INFORMATION START

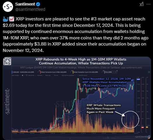 이번 리플의 급등은 미국 증권거래위원회(SEC)와의 법적 분쟁에서 유리한 판결을 받을 가능성이 높아지면서 투자 심리가 긍정적으로 반응한 결과로 보인다. 샌티먼트는 “고래들의 활동과 리플 상승 간의 강한 상관관계가 입증되었으며, 주요 지갑들의 적극적인 참여가 리플의 장기적인 신뢰를 높이고 있다”고 설명했다.
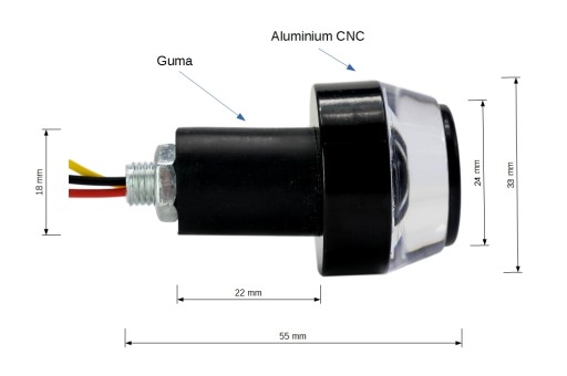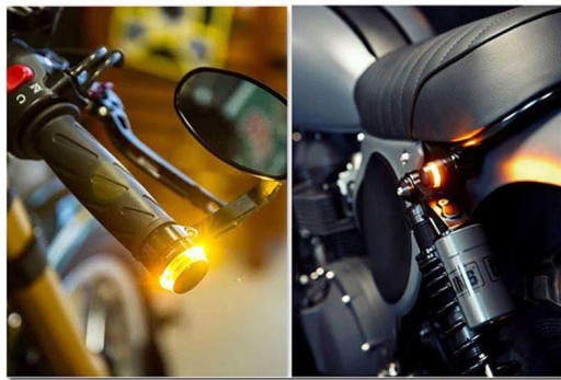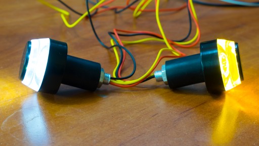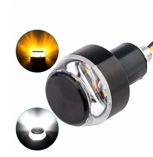 Końcówki kierownicy dostosowane do kierownicy 22 mm zintegrowane z wbudowanym światłem białym i pomarańczowym LED.
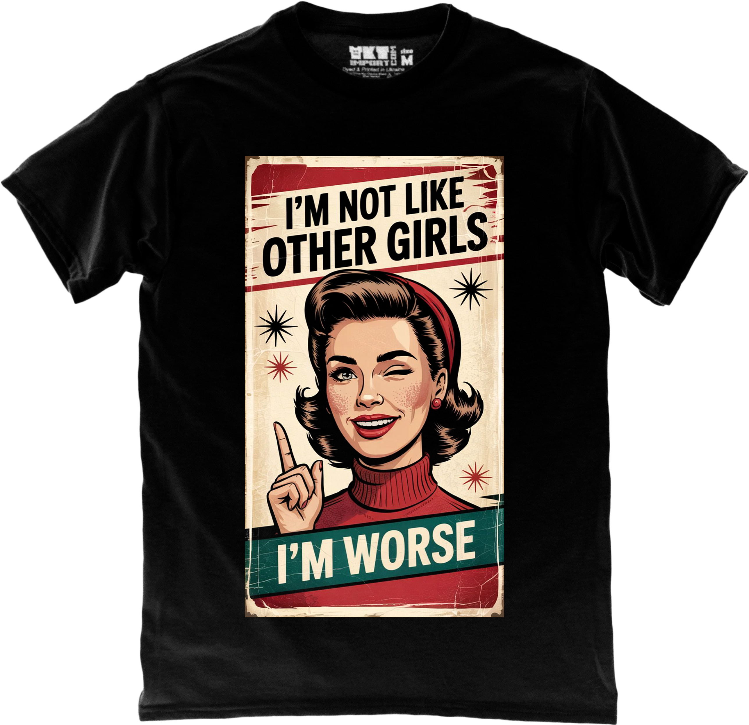 Легка футболка з іронічним вінтажним принтом для тих, хто не прагне бути «як усі». Комфортна в носінні та помітна в образі — саме те, щоб заявити про свій характер.
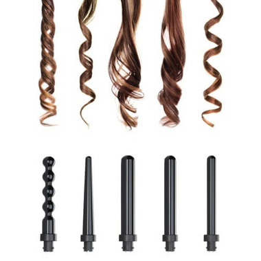 The 5-in-1 Lustrum set features five barrels and an interchangeable base for limitless curls. Get smooth, hydrated, glamorous hairstyles with added volume that lasts. Every curl with these tourmaline ceramic barrels protects your strands with a far infrared heat and negative ions that coat hair for a frizz-free finish and brilliant shine.
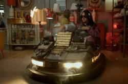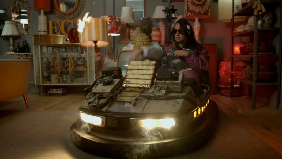 Playing fictionalised versions of themselves with great comic timing, Ruth (Ruth Syratt) and Megan (Megan Stevenson) run the real life bric a brac vintage store Cha Cha Cha in Muswell Hill selling “anything we can get our hands on that’s from the past”. Which, in this delightfully cheap and cheerful very British low-fi sci fi comedy written by sisters Anna-Elizabeth and Hillary Shakespeare and directed by Chris Reading, they acquire using a time traveling dodgem car they found abandoned by the skips outside the shop.
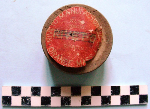 Di forma circolare, con chiusura ad incastro, lungo la faccia laterale incise a tornio 5 scanalature. Etichetta di colore rosso sulla faccia superiore.
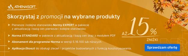 Do 14 października br. zapraszamy do skorzystania ze specjalnych cen na zakup oprogramowanie kosztorysowego Norma EXPERT i Norma STANDARD oraz aktualizacji dla tych programów. W ramach promocji dostępne są wybrane warianty programów, szczegóły sprawdź w naszym sklepie internetowym: sklep.komako.pl
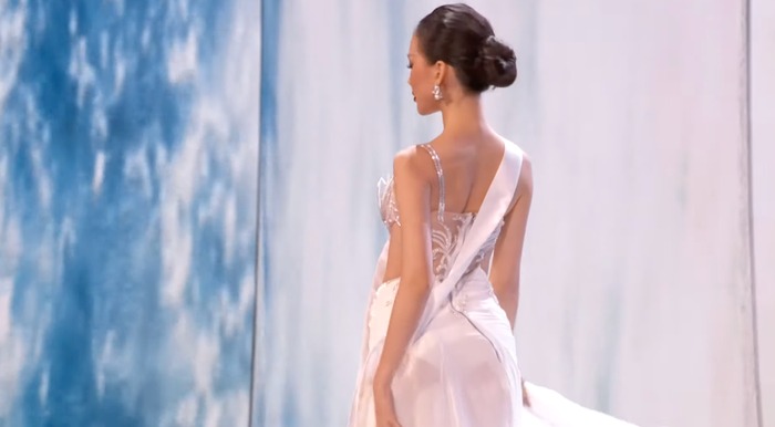 Một trong những "đặc sản" không thể thiếu tại Miss Universe chính là những thiết kế váy dạ hội xẻ tà cao, khoe khéo đôi chân dài thẳng tắp. Tuy nhiên, việc chọn lựa hướng đi này cũng khiến một số thí sinh rơi vào tình huống khó khăn và liên tục gặp phải một số sự cố như vấp váy, suýt té ngã, loạng choạng trên giày cao gót.

INFORMATION END

## [WORK TASK]
If an entry holds a picture, leave the picture out and repeat the rest exactly.

## [RESPONSE BELOW]
 이번 리플의 급등은 미국 증권거래위원회(SEC)와의 법적 분쟁에서 유리한 판결을 받을 가능성이 높아지면서 투자 심리가 긍정적으로 반응한 결과로 보인다. 샌티먼트는 “고래들의 활동과 리플 상승 간의 강한 상관관계가 입증되었으며, 주요 지갑들의 적극적인 참여가 리플의 장기적인 신뢰를 높이고 있다”고 설명했다.
 Końcówki kierownicy dostosowane do kierownicy 22 mm zintegrowane z wbudowanym światłem białym i pomarańczowym LED.
 Легка футболка з іронічним вінтажним принтом для тих, хто не прагне бути «як усі». Комфортна в носінні та помітна в образі — саме те, щоб заявити про свій характер.
 The 5-in-1 Lustrum set features five barrels and an interchangeable base for limitless curls. Get smooth, hydrated, glamorous hairstyles with added volume that lasts. Every curl with these tourmaline ceramic barrels protects your strands with a far infrared heat and negative ions that coat hair for a frizz-free finish and brilliant shine.
 Playing fictionalised versions of themselves with great comic timing, Ruth (Ruth Syratt) and Megan (Megan Stevenson) run the real life bric a brac vintage store Cha Cha Cha in Muswell Hill selling “anything we can get our hands on that’s from the past”. Which, in this delightfully cheap and cheerful very British low-fi sci fi comedy written by sisters Anna-Elizabeth and Hillary Shakespeare and directed by Chris Reading, they acquire using a time traveling dodgem car they found abandoned by the skips outside the shop.
 Di forma circolare, con chiusura ad incastro, lungo la faccia laterale incise a tornio 5 scanalature. Etichetta di colore rosso sulla faccia superiore.
 Do 14 października br. zapraszamy do skorzystania ze specjalnych cen na zakup oprogramowanie kosztorysowego Norma EXPERT i Norma STANDARD oraz aktualizacji dla tych programów. W ramach promocji dostępne są wybrane warianty programów, szczegóły sprawdź w naszym sklepie internetowym: sklep.komako.pl
 Một trong những "đặc sản" không thể thiếu tại Miss Universe chính là những thiết kế váy dạ hội xẻ tà cao, khoe khéo đôi chân dài thẳng tắp. Tuy nhiên, việc chọn lựa hướng đi này cũng khiến một số thí sinh rơi vào tình huống khó khăn và liên tục gặp phải một số sự cố như vấp váy, suýt té ngã, loạng choạng trên giày cao gót.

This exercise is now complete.